Когда мы говорим об этом дебюте, удивительно здесь то, что как-то очень легко разделить чувства Ахматовой, которая не любила эту книгу. И действительно, её есть за что не любить. Ахматова не любила её по понятным причинам: её составлял Михаил Кузмин, предисловие, довольно уважительное, хотя и весьма снисходительное к молодому автору, писал Кузмин же. Ахматова впоследствии говорила: «Перед ним самый смрадный грешник – воплощенная благодать…» – и как-то Кузмина сильно недолюбливала, говорила о нём довольно много гадостей при том, что именно у него она позаимствовала многие приёмы, интонации, знаменитую строфу «Поэмы без героя», которая была когда-то впервые опробована во втором ударе поэмы «Форель разбивает лёд».

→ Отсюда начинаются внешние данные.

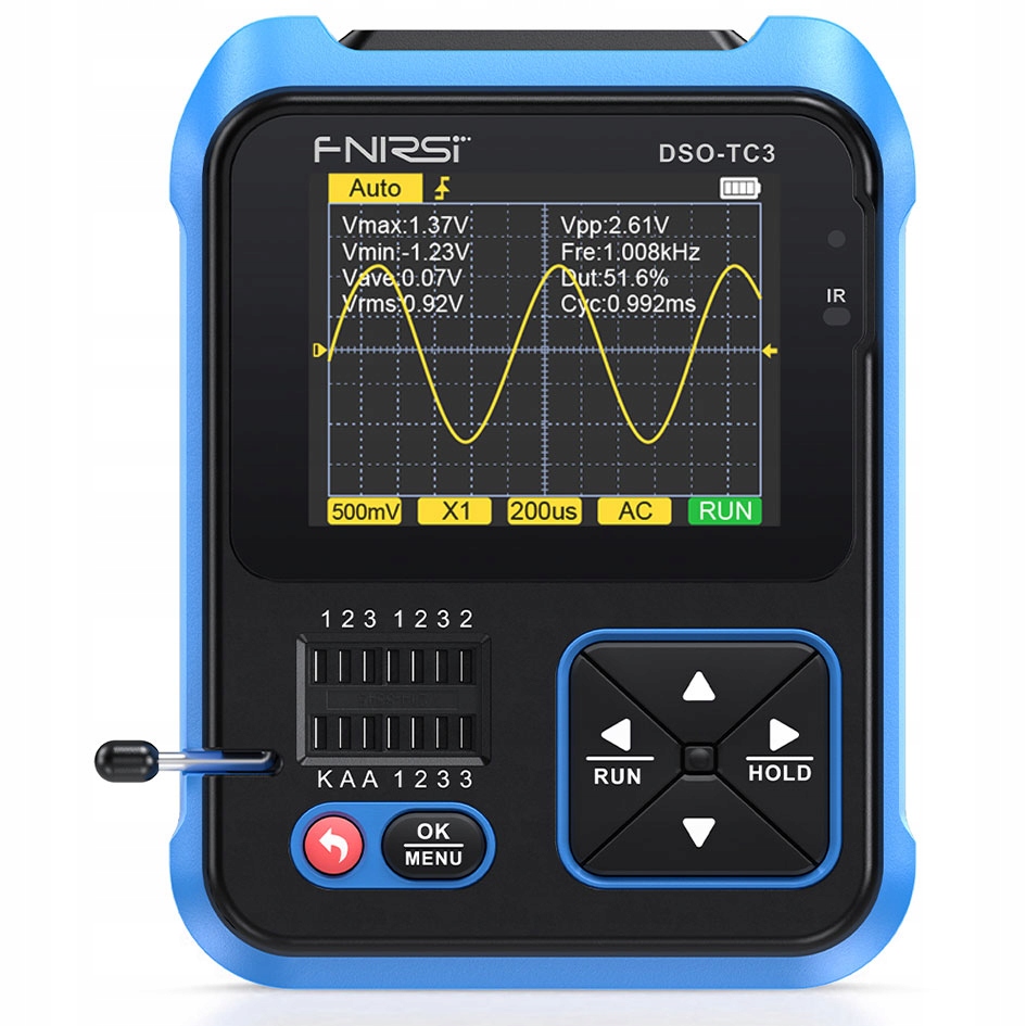 Ten produkt genialnie integruje funkcje oscyloskopu technicznego, testera tranzystorów i generatora postrzegania w jednym urządzeniu. Z częstotliwością próbkowania w rzeczywistości 10 MS/si przepustowością 500 Khz. Obsługuje maksymalny pomiar pomiaru napięciowego 400 V. Z pełną funkcją spustu (automatyczny, zewnętrzny, regularny). Uruchomienie w przycisk AUTO, zmierzony przebieg można wykorzystać bez uciążliwych funkcji. Automatycznie identyfikuj i mierz różne tranzystory. Automatyczne ustalenie równorzędnych pinów. 6 rodzajów generowania przebiegów. I z grupy testu ciągłości.
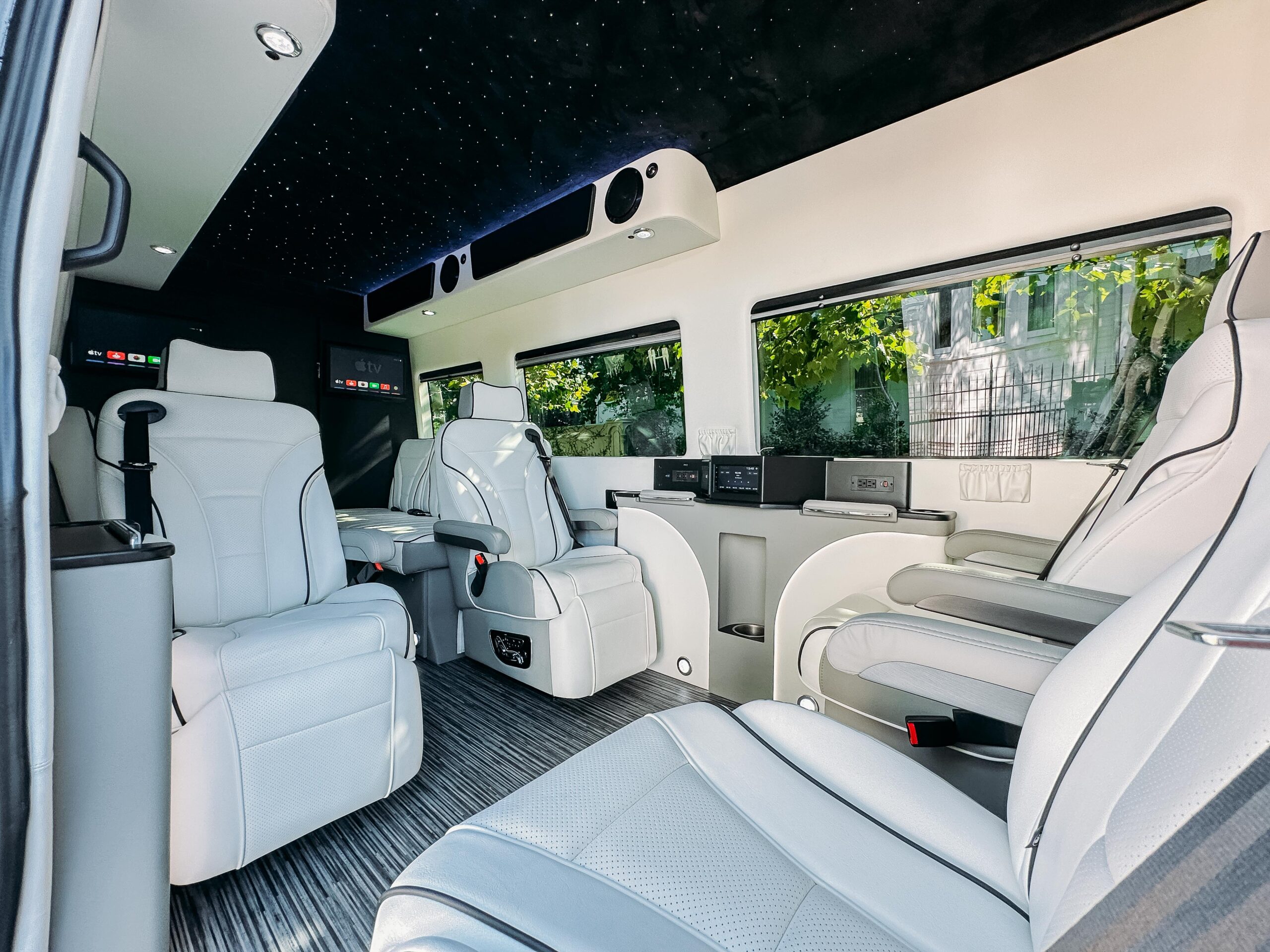 This beautiful limited edition Supreme Sprinter built by LCW Automotive is everything you have always wanted. Luxurious orthopedic captain seats keep you snug and comfortable on long trips; this particular model will seat up to 10 passengers. Luxury stylings are everywhere you look starting with pin dot ceiling, vinyl covered walls, and accents wrapped in real authentic wood. Dual independent air conditioning systems make sure you have all the amenities of home. All of this supported by Smart TV’s, Apple TV & digital master cabin control will truly make you feel like you are flying above the clouds. Check out why LCW Automotive has been an industry leader for over 45 years and experience luxury like you never have before.
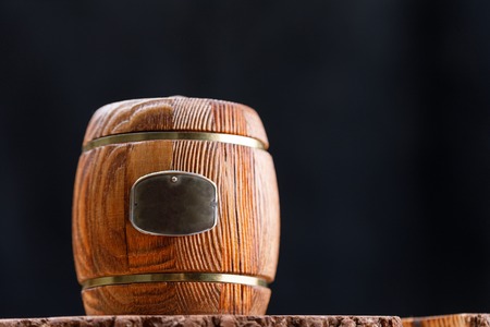 Closed wooden keg with honey on a wooden saw on a dark background. Barrel. Copy space. Close-up.
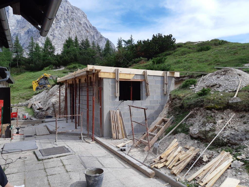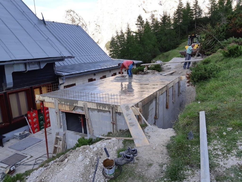V letošnjem letu smo pridobili pomemben objekt za skladiščenje hrane in pijače. Postavljen je v brežino na južni strani za Poštarskim domom, deloma zasut in pokrit z zemljo in je minimalno opazen. Vrata so nasproti vhoda v priročno skladišče pijač v domu tako, da je transportna pot izredno kratka.
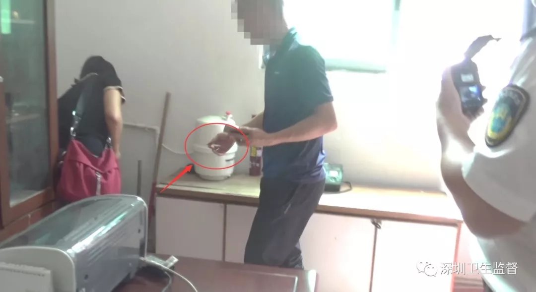 此外,執(zhí)法人員還在學(xué)校后廚門口
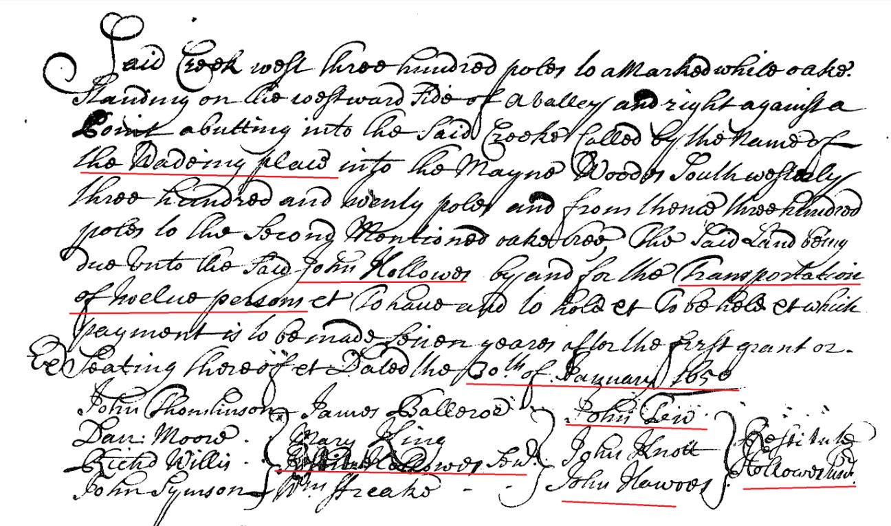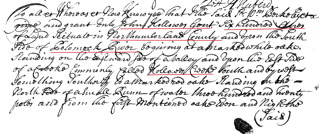 - John Hollis b. 1700 (Note: possible descendant – living in Prince William Co, Va in 1739, and Fairfax Co, Va – exact connection not found yet, but since in area very close to land John Hallowes b. 1612-15 owned, it is a possibility that needs to be verified if possibe)
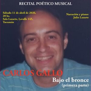 - “Bajo el bronce” (Primera parte), de Carlos Gallo. A las 20 en la Sala Lazarte, de Lavalle 145, San Miguel de Tucumán. Narración y piano: Julio Lazarte.
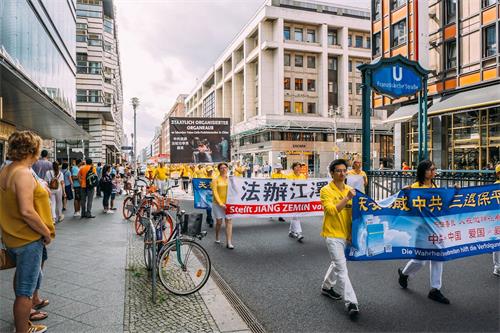 广东来的王姓夫妇在勃兰登堡门前,一直笑着观看法轮功学员集会的场景,表示“感觉非常好,心情很愉快”。另一对来德国探亲的大陆夫妇觉得游行队伍非常好,男士竖着大拇指说:“好!”女士说看了之后心情“特别舒服”。
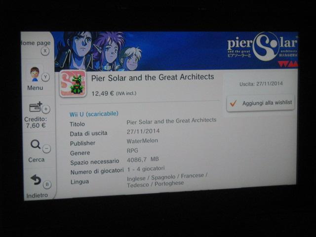 The European Wii U eShop is listing a November 27 release date for Pier Solar HD. It will be available or €12.49.
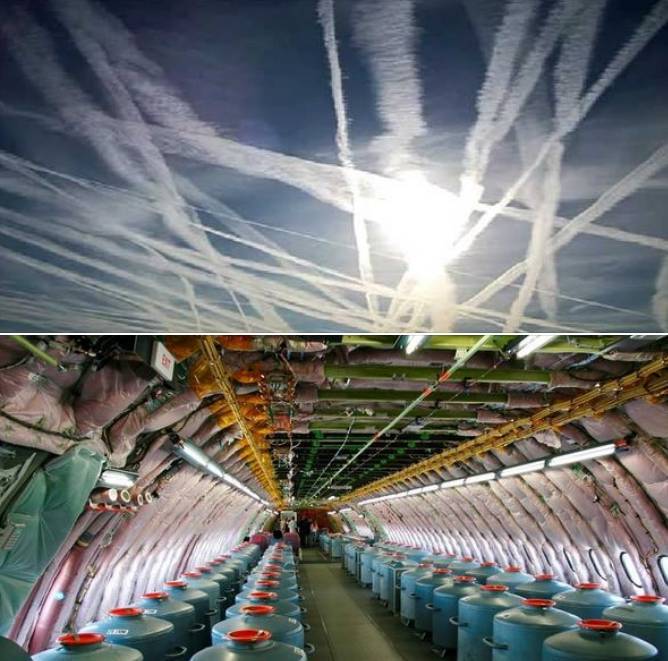Drugo, fotografije gde možete da vidite buriće u unutrašnjosti putničkih ili transportnih aviona predstavljaju raspored i simulaciju tereta kod vazduhoplova kojisu u razvoju i završnoj fazi testiranja. To je standardna metodologija ispitivanja da li se avion normalno ponaša u vazduhu u simuliranim uslovima gde burići predstavljaju težinu koju imaju putnici. Bez ovog načina ispitivanja putniki avioni sigurno ne bi bili bezbedni za letenje. Onda se te fotografije povežu sa fotografijama mlaznica sa aviona koji zaprašuju komarce ili useve i eto dokaza. Kakvih? Da avioni za prskanje komaraca truju iz vazduha? Pa to svi znamo Da oni to i rade.
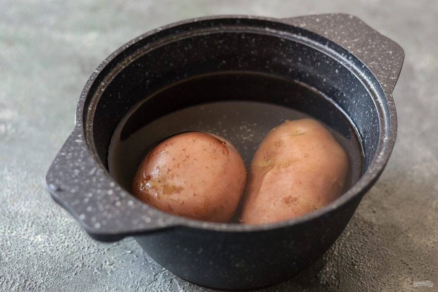 Картофель помойте, отварите в подсоленной воде до мягкости. На это уйдет примерно 35-40 минут.
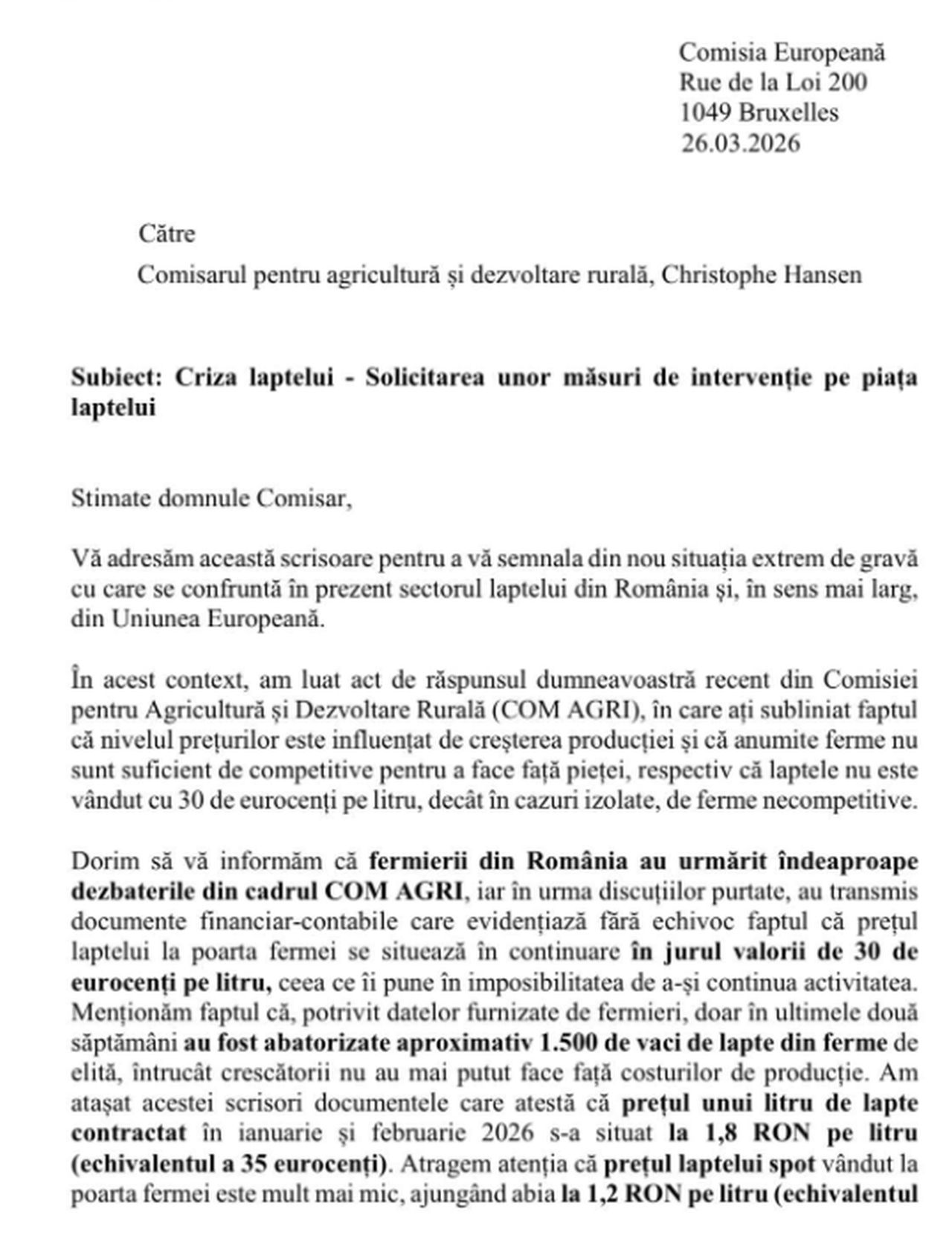 ”Împreună cu colegul meu, europarlamentarul Dan Motreanu, am trimis o scrisoare oficială către comisarul european pentru agricultură, Christophe Hansen, în care am prezentat, cu date concrete, situația gravă din sectorul laptelui din România și am cerut de îndată intervenția Comisiei Europene”, a mai spus Daniel Buda.

Думаю, что снисходительность мэтра была не единственной причиной, по которой Ахматова не любила книгу. Чего там говорить, эта книга ещё очень несовершенная, больше того, эта книга детская в некотором отношении. Когда мы читаем, скажем, тоже детский дебют Цветаевой «Волшебный фонарь», он всё-таки поражает нас гораздо большим разнообразием, удивительным владением поэтической техникой в широком арсенале. Там уже видно то, о чем впоследствии Цветаева говорила: «Во мне семь поэтов». Её дебют как-то оглушителен и разнообразен, и не зря Макс Волошин, прочитав первую цветаевскую книгу, немедленно поехал к ней знакомиться и удивился, что ему навстречу вышла наголо обритая после болезни, выглядящая совершенным ребёнком гимназистка, похожая, как он говорил, на спартанского мальчика.
А вот Ахматова – это книга, про которую очень точно, наверно, говоря обо всей ахматовской поэзии, сказала цветаевская дочь, Ариадна Эфрон: «Она совершенство, и в этом, к сожалению, её предел». Тут ещё даже нет совершенства, а пределы очень видны. Это книга романтической девичьей лирики, удивительно наивной. Ахматова ведь вообще-то поэт не наивный, она замечательно владеет всеми поэтическими средствами, она всё время занята самопрезентацией, она лепит образ лирической героини. В «Вечере» ничего этого нет, там действительно есть та Ахматова, о которой вспоминал Корней Чуковский: «Вот и нет Ахматовой. Я вспоминаю не ту грузную, тяжёлую, которой она была в последние годы, а высокую застенчивую девочку, которая пряталась за своего мужа Гумилёва». Здесь ещё видна та застенчивая девочка, которая пряталась за мужа.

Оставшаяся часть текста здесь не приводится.